Joe Dispensa says: Stop telling the story of your past and start telling the story of your future. Stop believing in your past real or imagined and start believing in your future. Stop romancing the past and start romancing the future. So, the unlearning the process then you know 95% of who we are is a set of memorized behaviors. Automatic responses, unconscious habits, hardwired attitudes, beliefs and perceptions that are automatic like a computer program. If we are in a program, then we are unconscious. So, in order for us to change we have to become conscious of our thoughts and the story and narrative that we tell and those memories to become familiar with how we speak or how we act and become so conscious that we don’t go unconscious to that behavior. Act as if everything always works out.

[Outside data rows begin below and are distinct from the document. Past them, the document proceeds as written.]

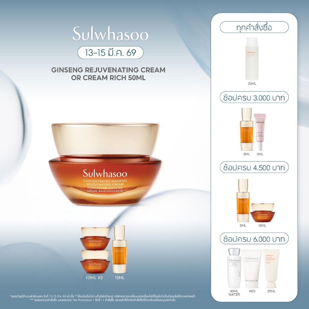 Sulwhasoo Concentrated Ginseng Rejuvenating Cream Rich 50ML / 30ML ครีมโสมสูตรเข้มข้น ฟื้นฟูผิวให้แลดูอ่อนเยาว์
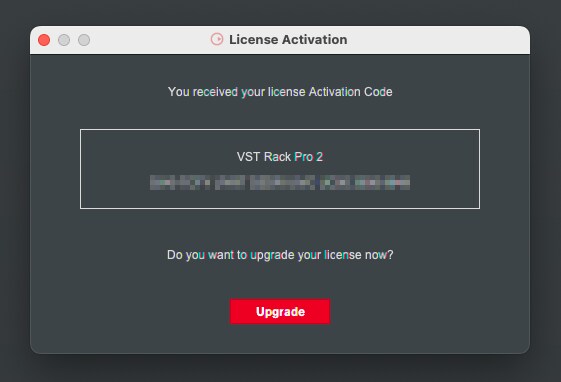 Depois de inserir o código, você receberá o código de ativação da licença do VST Rack Pro 2.
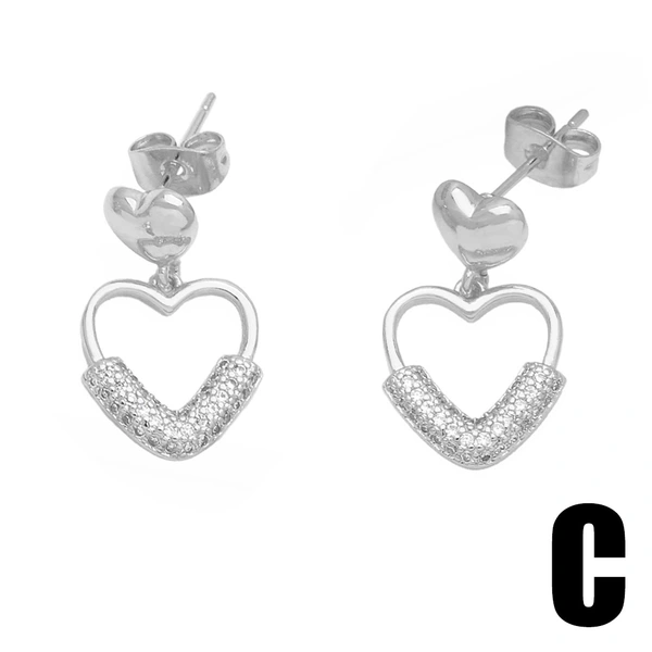 Brincos de alta qualidade para serviços pesados, totalmente incrustados, luxuosos brincos de coração em forma de C, brincos de moda europeus e americanos
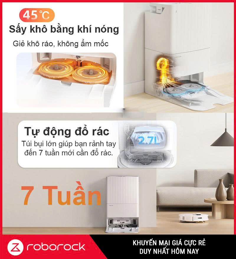 | Tự đổ rác | Túi bụi ~2,7 L (tay rảnh tới ~7 tuần) |

When you forget who you are. Dr. Michelle Maidenberg, author of Ace Your Life: Unleash Your Best Self and Live the Life You Want, say these sentences:
- I can choose the next right step. Why this works: It interrupts overwhelm and brings you back to the present. Your life shifts when you focus on the next step, not the whole staircase.
- I can handle uncomfortable feelings. Why this works: It builds emotional resilience and reduces avoidance. Discomfort isn’t a stop sign. It is an invitation to grow.
- I show up even when it’s hard. Why this works: It reinforces identity-based change, discipline, grounding, and self-respect. Every time you show up, you teach your nervous system that you are safe, capable, and committed.
- I release what is mine to carry. Why this works: It helps unburden emotional loads, attachment wounds, and projections. Not every emotion, expectation or story belongs to you.
- I speak to myself with kindness. Why this works: Self compassion correlates with greater motivation than self-criticism. Your inner voice becomes the home you live in. Make it a soft one.
- I am becoming someone I trust. Why this works: It repairs self-betrayal patterns, and it builds your confidence. Your highest self is built through tiny moments of honesty and integrity.
- Live the life you are meant to live.
So constructively reflect upon this year. Apply your experience to your plans for next year. Reinvent yourself to match your dream and passions. Check in and adjust frequently at least quarterly. Every day is a new chance to live who you are and what you want to do as well as prepare for tomorrow. That is personal investment and development. A life worth living inspired by that consistent unfamiliar unwavering action in every step of the adventure. Your desired life.